The school system’s in-person instruction plan, which is pending approval by the Alabama State Department of Education, includes things like infrastructure upgrades to improve air quality, the use of more outdoor classroom space, a focus on academic intervention and retaining some of the health and safety amenities put in place over the past year. 

“We feel this is a responsible, workable plan that will help students safely return to a more comfortable learning environment as we look ahead to this fall,” Superintendent Kyle Kallhoff said. “We want to take what we’ve learned through this difficult year and implement some of those improvements moving forward, while also finding a way to safely get things back to normal.” 

The plan calls for the system to  

  • Sustain the extra nurse hired during the 2020-2021 school year  
  • Maintain the hand sanitizing stations/supplies on each campus  
  • Allow face masks or coverings to be worn on campuses but make them optional  
  • Update various HVAC systems to improve air quality across campuses  
  • Update various windows and doors for air quality and  
  • Install bottle-filling water fountains. 

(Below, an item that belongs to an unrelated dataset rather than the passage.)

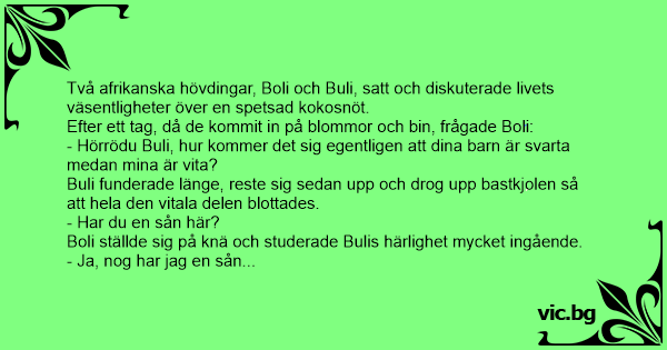 Två afrikanska hövdingar, Boli och Buli, satt och diskuterade livets väsentligheter över en spetsad kokosnöt.

Along with extension of the use of outdoor learning spaces, each school will increase the exterior Wi-Fi internet access points on all campuses. The system will also employ two mental health and social workers, with one in K-6, and the second at the 7-12 grade level, in order to promote social and emotional awareness through professional development. 

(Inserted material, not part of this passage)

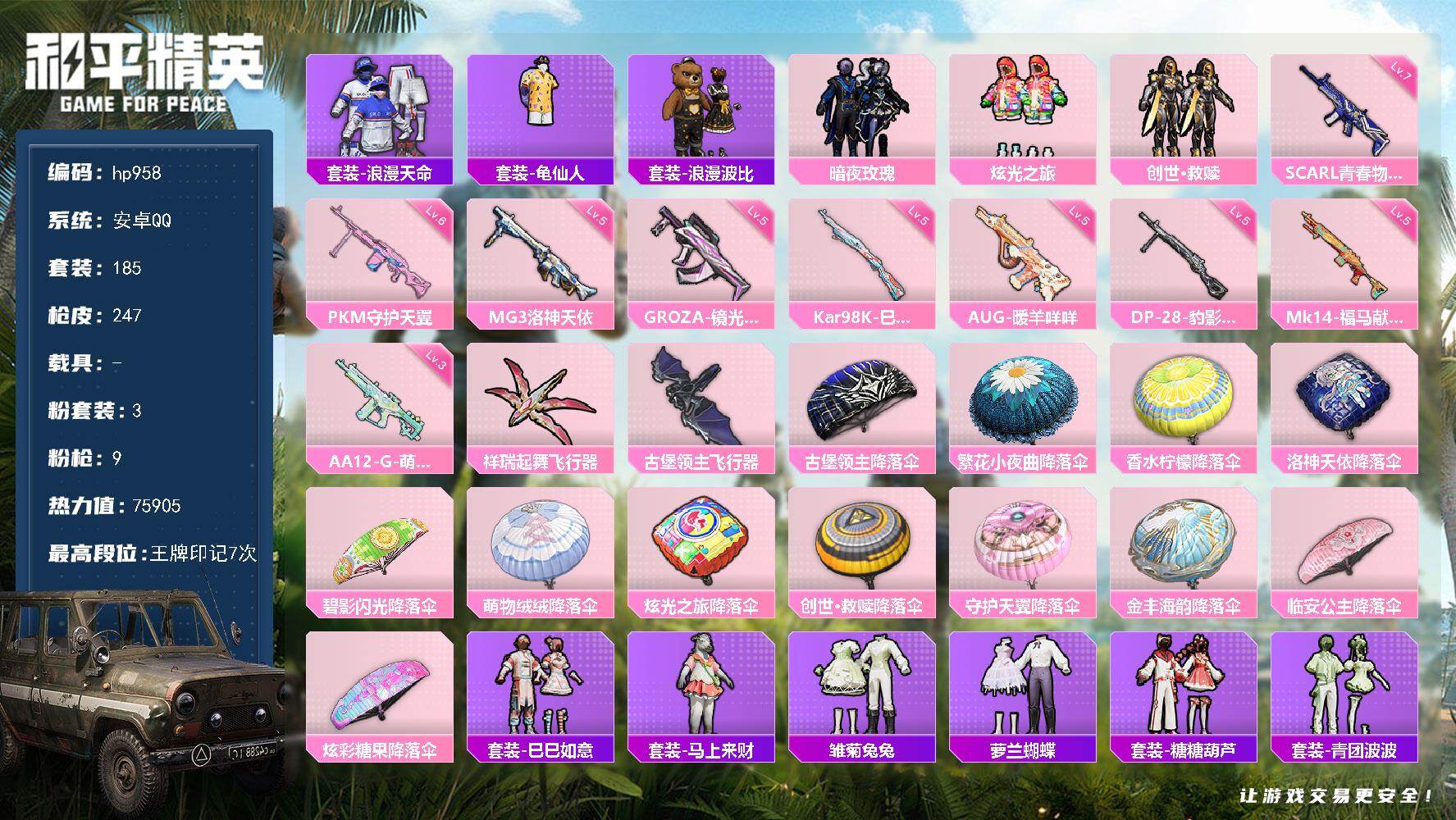 安卓 手Q-3粉装-9特效枪-0载具-2粉色飞行器-75905热力值-7王牌印

Steps are being taken to provide additional intervention and preparation for students who may have fallen behind during 2020, including: 

  • a part-time counselor at Cullman City Primary School  
  • the employment of up-to six academic intervention teachers  
  • building-based math coaches supported by AMSTI and 
  • the implementation of a social and emotion program with counseling support at Turning Point.  

Cullman City Schools is also offering free secondary summer remediation programs at Cullman Middle School and Cullman High School, like:  

  • ACT preparation and a skill-building program at CHS  
  • Assistive technology in special needs classrooms 
  • IXL software to support academic intervention in grades K-12  
  • Additional academic intervention materials and professional development to address reading and mathematics deficiencies and  
  • A truancy officer to support families with school attendance and avoiding chronic absenteeism. 

Parents are also being encouraged to do home screening of their children for any signs of illness such as fever or chills, cough, shortness of breath or difficulty breathing, fatigue, muscle or body aches, headache, new loss of taste or smell, sore throat, congestion or runny nose, nausea or vomiting and diarrhea. Parents should keep their child home if they have any symptoms of illness.